This is a question that every patent attorney faces during their career.  Who contributed to the invention covering a product can become contentious, particularly in the pharmaceutical context where successes are few and far between.  The Federal Circuit addressed the issue of when a suggestion amounts to a contribution to conception of an invention in the recent decision of Cumberland Pharmaceuticals Inc. v. Mylan Inc., No. 16-1155 (Fed. Cir. Jan. 24, 2017).

Background Facts

The patent at issue, US 8,399,445 B2, covers methods of treating acetaminophen overdose with stable acetylcysteine compositions substantially free of chelating agents.  Mylan challenged the patent under 35 USC 102(f) arguing that the listed inventor derived the invention from a suggestion of the Food and Drug Administration (FDA).

Cumberland sought FDA approval of an acetylcysteine formulation that contained the chelating agent EDTA.  While reviewing Cumberland’s New Drug Application, the FDA instructed Cumberland to provide scientific and regulatory justification for including the chelating agent EDTA in the formulation since the amount included was non-trivial.  Based on the understanding in the prior art that a chelating agent was needed to stabilize the drug in the formulation, Cumberland responded to the FDA’s request that lowering or removing EDTA would raise questions about the safety and efficacy of the product.

The inventor testified that shortly after this exchange, he had the idea of testing the stability of the formulation without EDTA.  As part of a post-marketing commitment, Cumberland conducted stability studies and found that not only was EDTA not required for a stable solution, but that a stable solution could be prepared without any chelating agent, which finding formed the basis of the claims in the patent.

The Decision

Did the FDA’s request to justify the chelating agent EDTA in the formulation amount to a contribution to the conception of the invention? The Court held that the FDA did not contribute to the conception of the invention as claimed, i.e. an acetylcysteine formulation not only without EDTA but without any chelator.

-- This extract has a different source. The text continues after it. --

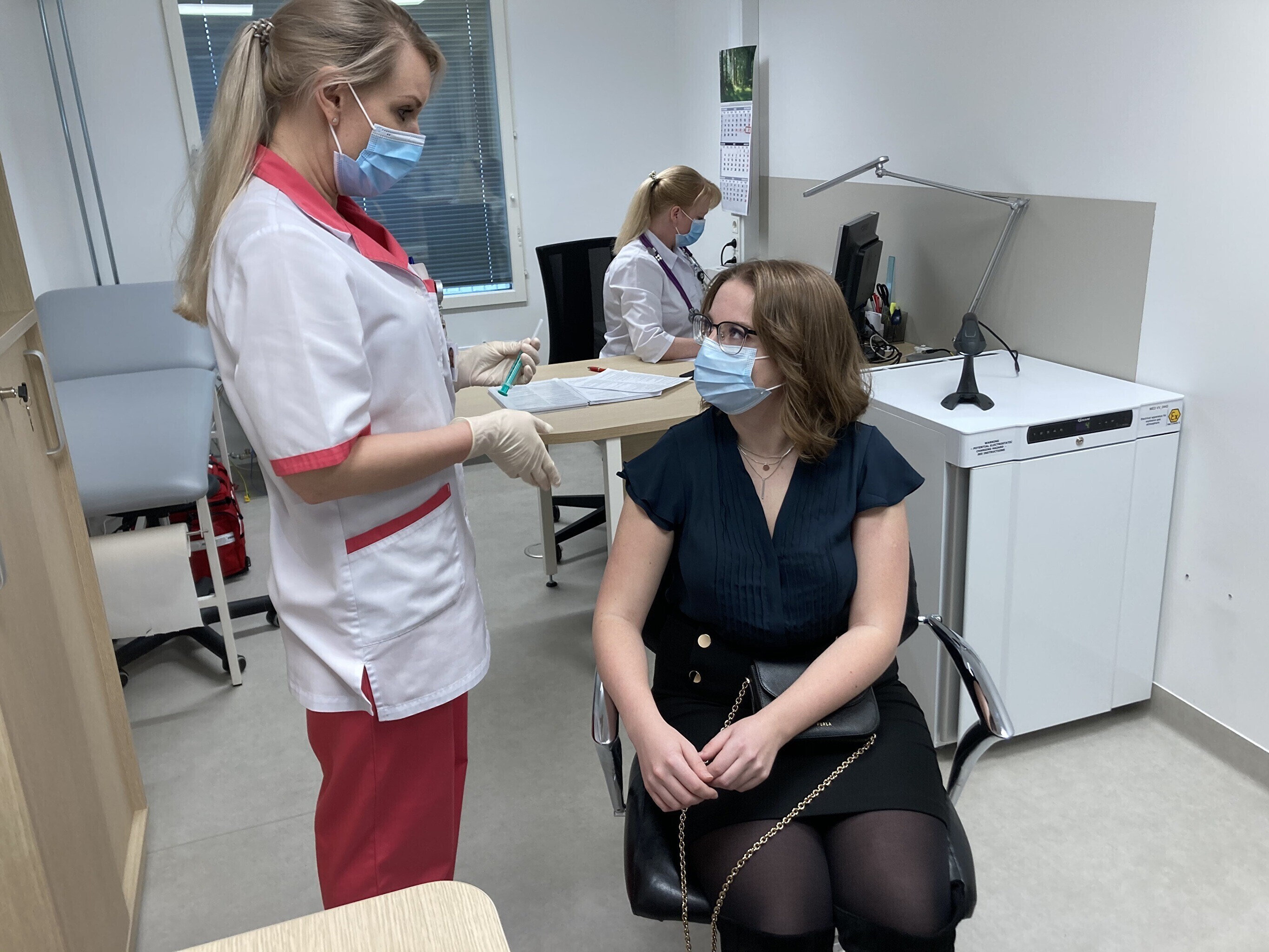 Kell 10.30 tehti esimese vaktsiinisaajaga Jelena Rozinkoga ajakirjanike ees testvaktsineerimine, kus reaalselt süstimist ei toimunud. Kuna ka proovi pildistati ja riietus proovis ning õigel süstimisel erines, on tekkinud erinevates kommentaariumides palju vandenõuteooriaid.

Conception requires that “the inventor has a specific, settled idea, a particular solution to the problem at hand, not just a general goal or research plan he hopes to pursue.” See Burroughs Wellcome Co. v. Barr Labs., Inc., 40 F.3d 1223, 1228 (Fed. Cir. 1994).  According to the Federal Circuit, giving a general research direction does not amount to inventorship.  The Court found that the FDA’s request was “not the same as a suggestion to remove it [EDTA], let alone to remove it and not replace it with another chelating agent.”  Thus, the FDA did not contribute to the conception of the invention as claimed.


Because suggestions rising to the level of inventive contributions need to be specific and concrete, it is advisable that counsel proactively interview all potential contributors to determine how an invention was conceived and by whom. It is worth being  overinclusive in these interviews, talking to both supervisors and bench-level scientists independently, and asking for details about particular difficulties discovered and overcome, even to the point of asking the same question in different ways. If done properly, openness and fairness in the process will protect the patentee and will help to make the potential contributors believe in the result.

Further, when beginning an interview process, it is important not to underestimate the importance of inventorship to a scientist. A contributor who is left off an invention disclosure can cause strife while inside the company or from the outside through invalidity and derivation proceedings or by asserting an ownership interest. In the boom and bust pharmaceutical industry, ex-employee scientists who become disgruntled in tight job markets may use inventorship as a way to “get back,” often at the most inconvenient times for a patentee, e.g. at market launch or during licensing negotiations. To be sure, some comfort can be taken from the fact that derivation challenges of post-AIA applications must be filed within one year of the application’s publication and that in light of the long time periods needed for preclinical and clinical testing, a contributor would have to challenge at a time, potentially long before the importance of the invention is fully understood.  However, the Cumberland case serves to remind that it is far better to attempt to understand and address any potential inventership problems at the outset.